I received the following query regarding the RAND function in Base SAS:
In SAS, is specifying 0 as a random number seed the same as not specifying a seed at all?
The question concerns initializing the SAS random number stream by using the internal system clock. You can do this explicitly by calling the STREAMINIT routine with 0 as an argument. However, if you call the RAND function and have never called the STREAMINIT routine, then the RAND function implicitly calls the STREAMINIT function with an argument of 0.
The answer, therefore, is "Yes, they produce the same result" in the sense that in both cases the internal clock time is used to initialize the random number stream.
However, if you want to learn a tiny technical difference, read on.

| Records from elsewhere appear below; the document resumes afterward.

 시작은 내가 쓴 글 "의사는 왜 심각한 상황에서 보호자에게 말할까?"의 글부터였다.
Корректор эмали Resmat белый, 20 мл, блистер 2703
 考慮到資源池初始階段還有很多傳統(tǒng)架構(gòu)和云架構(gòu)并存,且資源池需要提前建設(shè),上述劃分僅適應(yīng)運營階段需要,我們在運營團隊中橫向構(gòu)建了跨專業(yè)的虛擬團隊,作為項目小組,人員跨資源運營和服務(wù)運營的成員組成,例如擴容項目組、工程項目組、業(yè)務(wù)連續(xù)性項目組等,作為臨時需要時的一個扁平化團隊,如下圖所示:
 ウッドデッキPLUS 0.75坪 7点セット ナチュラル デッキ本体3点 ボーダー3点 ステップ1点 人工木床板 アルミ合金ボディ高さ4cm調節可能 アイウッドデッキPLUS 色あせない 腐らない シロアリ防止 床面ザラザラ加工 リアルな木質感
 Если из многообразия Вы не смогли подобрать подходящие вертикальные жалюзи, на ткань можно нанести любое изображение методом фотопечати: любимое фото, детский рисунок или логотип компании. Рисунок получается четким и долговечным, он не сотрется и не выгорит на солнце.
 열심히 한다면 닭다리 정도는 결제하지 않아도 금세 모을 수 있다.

The two approaches are very slightly different with regard to WHEN the random number seed is set. Consider the following two DATA steps:
data A; /* random number stream initialized when the next stmt is executed */ call streaminit(0); /* do a computation that takes an hour ... */ x = rand("Uniform"); run; data B; /* do a computation that takes an hour ...*/ /* random number stream initialized when the next stmt is executed */ x = rand("Uniform"); run; |
In the first DATA step, the random number stream is initialized on the first line of the program. If the DATA step is run exactly at midnight, the random number stream is initialized a few milliseconds after midnight. In contrast, in the second DATA step, the random number stream is not initialized until the RAND function is executed. If the DATA step is run exactly at midnight, but it runs for an hour before the RAND function executes, then the random number stream is initialized around 1:00 am.

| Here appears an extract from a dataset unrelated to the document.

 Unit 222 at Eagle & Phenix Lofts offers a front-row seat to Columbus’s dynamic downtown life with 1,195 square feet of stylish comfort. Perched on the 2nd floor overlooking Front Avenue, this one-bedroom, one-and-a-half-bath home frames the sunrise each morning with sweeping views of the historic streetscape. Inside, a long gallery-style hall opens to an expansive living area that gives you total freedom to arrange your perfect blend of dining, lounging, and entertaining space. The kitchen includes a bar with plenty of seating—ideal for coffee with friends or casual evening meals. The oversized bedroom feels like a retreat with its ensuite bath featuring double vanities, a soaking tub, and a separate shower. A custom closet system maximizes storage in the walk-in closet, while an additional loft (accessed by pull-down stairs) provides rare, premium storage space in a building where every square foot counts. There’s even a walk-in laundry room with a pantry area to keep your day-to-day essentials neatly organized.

Since both random number streams are equally random, in practice it probably doesn't matter which scheme you use. I like to explicitly call the STREAMINIT routine because then it is obvious to everyone who reads the program that it will produce different numbers every time it runs.
1 Comment
This reminds me of something that I have often wondered about. Unlike the datasteps above, PROC OPTEX reports in the log the random seed that has been used. I assume this is also derived in the same way from the internal clock. The random seed reported is nearly always a 9 digit integer that ends in either 001 or 000 (I am using SAS on a Windows 7 machine). Should I worry about this non-randomness of the last 3 digits? I suspect the number of digits from the clock is limited and a multiplication takes place to put the seed on a larger scale, but it would be interesting to know the mechanics of this.